Spring 2013 Review: Bates Motel

19 Apr

Norman and Norma

Bates Motel reminds me of fellow new show Hannibal in some ways.  It’s an earlier time in a story we all know well; in Hannibal, we know Hannibal Lecter will get caught as a cannibalistic serial killer, while Bates Motel tells the story of the teenage life of Norman Bates, who we know will go on to become a psychotic serial killer later in his life, and interact with and dress up as his deceased mother.  Knowing where the story leads is both limiting and empowering; it means that to some extent, the audience knows how the story ends, and there’s really nothing the creators can do about that, but there’s a lot of leeway in how they get there.  The writers can always place winking clues to where we know the story leads.  Like in Hannibal, Bates Motel takes place in modern times rather than around when the story originally took place.

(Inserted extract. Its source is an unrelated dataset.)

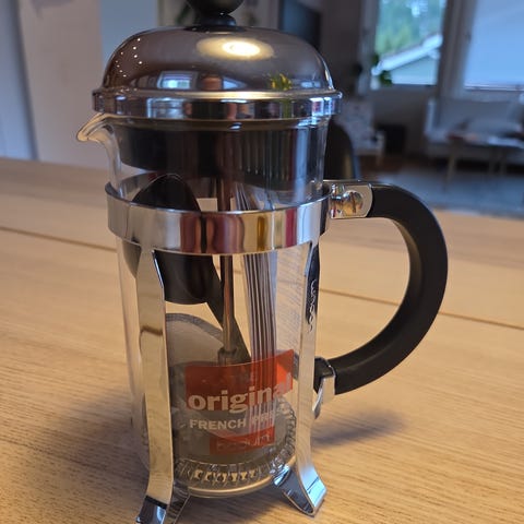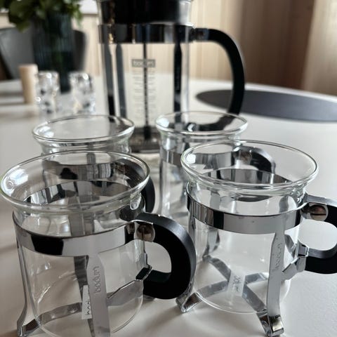 Selger dette fine settet fra Bodum med presskanne og 6 tilhørende kopper!☺️ Pent brukt, ingen skader. Men kan trenge en liten vask, da det har stått lenge ubrukt i skapet😅

Unlike Hannibal, in which the villain, Lecter, is already well into his serial killing ways when the show begins, Bates Motel features a normal-ish Normal who while facing some very serious issues and badly in need of a psychologist, doesn’t appear to have seriously contemplated killing anybody quite yet.  Like the Star Wars prequels, Bates Motel attempts to take an incredibly famous villain and explain how he got from being a regular person to an evil, or crazy, killer.

In the opening scene, Bates’ father dies.  We then flash forwards to six months later, where Bates’ mom, Norma (Vera Farmiga), is driving him to their new home, a motel, which they will now run, and is destined to be the fabled Bates Motel.  Norman is already a little bit of a weirdo, and it seems like that’s due mostly do his super controlling, passive aggressive and seriously fucked up mother.  His mom keeps moving him around and is pretty much the only person he communicates with on a regular basis, and she seems to do her best to ensure that he doesn’t develop any other relationships.  Some girls who live nearby want to hang out with Norman, but his mom keeps trying to prevent it, and she tries to caution Norman against joining the track team, which his adviser recommends.  It’s a field day for looking out for potential signs of what could drive him bonkers, from the behavior of his mother, to his behavior with the girls at school, but since this is a TV show without a set number of episodes it’s going to take a while to get to crazy Norman presumably.

The show also has sort of an American Horror Story feel.  In the first episode, a creepy and irate W. Earl Brown (Dan Dority from Deadwood) comes up to the motel and reams them out, explaining that the motel was built by his family and is, and will always be, his.  He pops up again later on, invading the motel at night, tying up and raping Norma, until Norman, arriving late because he had snuck out and was at a party, hits him over the head.  When he comes to, Norma stabs him to death out of rage, and insisting that no one would ever stay at the motel if this went public, convinces her son to help her wrap up the body and dispose of it.  Mother of the year, right?  Later the police, led by a sheriff played by Drug of Nation favorite Nestor Carbonell wonder by the motel randomly, and almost walk into the body, hidden in a bathtub, before it’s disposed of.  Norman finds some creepy and strange notebook under some carpeting him and his mother are pulling up.  Also, in the last couple of seconds, there’s a mysterious flash to some person being held capture and injected with something without any way to put that scene into any context.

As mentioned before, there’s a limiting factor to knowing the kid is going to grow up to become a serial killer, but there’s certainly room for an interesting journey getting there.  I enjoyed the episode more than I thought I would.  It was sometimes a little bit difficult to watch the way poor Norman is treated by his mother, who seems like the real villain of the series so far.  It definitely combines a potential high school show with a horror show, which is an interesting combination, and I’m honestly just curious in what direction the show leads, because I don’t think it’s obvious, in terms of what aspects the show focuses on, or how gory versus psychological it gets.

Will I watch it again?  I’ll say yes, because I think it’s worth a second episode, but it’s far enough down on my queue that I can’t be sure I actually will.  It’s jumped above The Following on shows I had said I would watch again but don’t feel like immediately watching (admittedly influenced by the fact that everyone I’ve talked to says The Following gets way worse).  I liked it overall, but I didn’t feel, like when I watched Americans, that it had the potential to be great, or like with Hannibal, that I immediately wanted to watch the next episode.